La Villa dei Misteri si apre verso il turista con un terrazzo scoperto. Ha tutta la parte rivolta verso il mare su un terrapieno artificiale, sotto cui si svolge il cryptoportico adibito a cabina. La villà è parte integrante del paesaggio che la circonda, anzi vi è continuità tra casa e natura, ottenuta con portici e giardini pensili che la circondano.

E’ articolata intorno all’atrio che comprende cubicolo, oeci, tablino ed esdra finestrata semicircolare, nonchè una zona di servizio intorno al peristilio che comprende un atrio tetrastilo con bagno. L’impianto originario risale al II secolo a.C. ed in seguito è stato ampliato e trasformato col comparire di una parte rustica, destinata alla produzione agricola, accanto a quella signorile. Questo settore residenziale, riservato al proprietario ed ai suoi familiari, è articolato in una serie di ambienti finemente decorati, disposti attorno all’atrio ed al peristilio. Era pure fornito di un’area termale. La parte rustica, invece, oltre alle stanze della servitù, presenta ambienti destinati alla produzione del vino, con una stanza del torchio (torcularia) e un’altra con gigantestchi contenitori di terracotta incassonati nel terreno.

Rinvenimenti come questi hanno permesso all’archeologo tedesco August Mau di distinguere le pitture paretali pompeiani in quattro stili. Lo stile detto a “incrostazione” o strutturale”, collocabile tra il III ed il I secolo a.C., che tende a riprodurre la parete in blocchi squadrati con rivestimenti in marmo e la decorazione divisa in una zona inferiore a tinta unita e la parte principale decorata a riquadri; lo stile “architettonico”, che si sviluppò tra l’80 a.C. e la fine del I secolo a.C., con uan suddivisione architettonica delle areti con all’interno dei riquadri figure di animali, uomini e oggetti vari, quasi a grandezza naturale; lo stile “ornamentale”, che si sviluppò tra la fine del I secolo .a C. e la metà del I secolo d.
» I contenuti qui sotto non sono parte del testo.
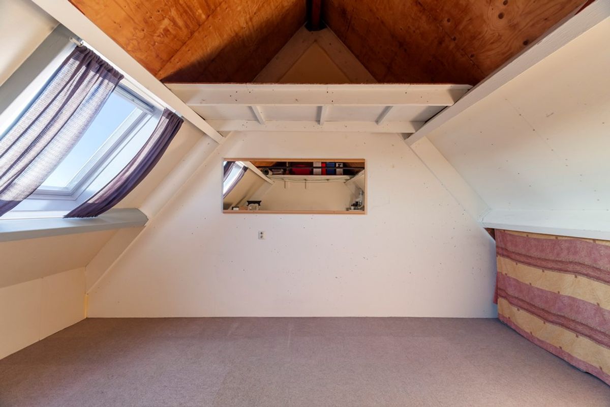 Via een vaste trap bereikbare ruime open zolder met dakramen, opstelplaats voor wasmachine en de CV-ketel (Remeha Avanta Ace 28c, 2018). Deze verdieping is multifunctioneel en eenvoudig in te richten als extra slaapkamer.

C., con l’introduzione di colonne e pilastri tra le decorazioni a delimitare lo spazio centrale dei riquari, solitamente con soggetti mitologici e elementi egittizzanti; lo stile “fantastico”, diffuso tra il 45 ed il 79 d.C., con architetture che mescolano gli stili precedenti ma con un ridimensionamento delle pitture centrali.

Le ricche decorazioni della Villa dei Misteri appartengono al secondo ed al terzo stile e mostrano le Nozze di Dioniso e Arianna e, in particolare nella Sala del Gran Dipinto, un ciclo di affreschi giganteschi (megalographia) che sono momenti successivi di una sola cerimonia: un fanciullio legge il rituale sotto la guida di una matrona seduta, una donna segue attentamente ed una giovinetta, con un vassoio con offerte, si dirige a destra; un gruppo di donne attende ad un sacrificio; un vecchio Sileno canta e suona mentre una giovinetta offre il proprio seno ad una capra; una donna terrorizzata alla visione sacra retrocede; un vecchio Sileno offre da bere ad un satiro mentre un altro giovanetto gli solleva sulla testa una maschera teatrale.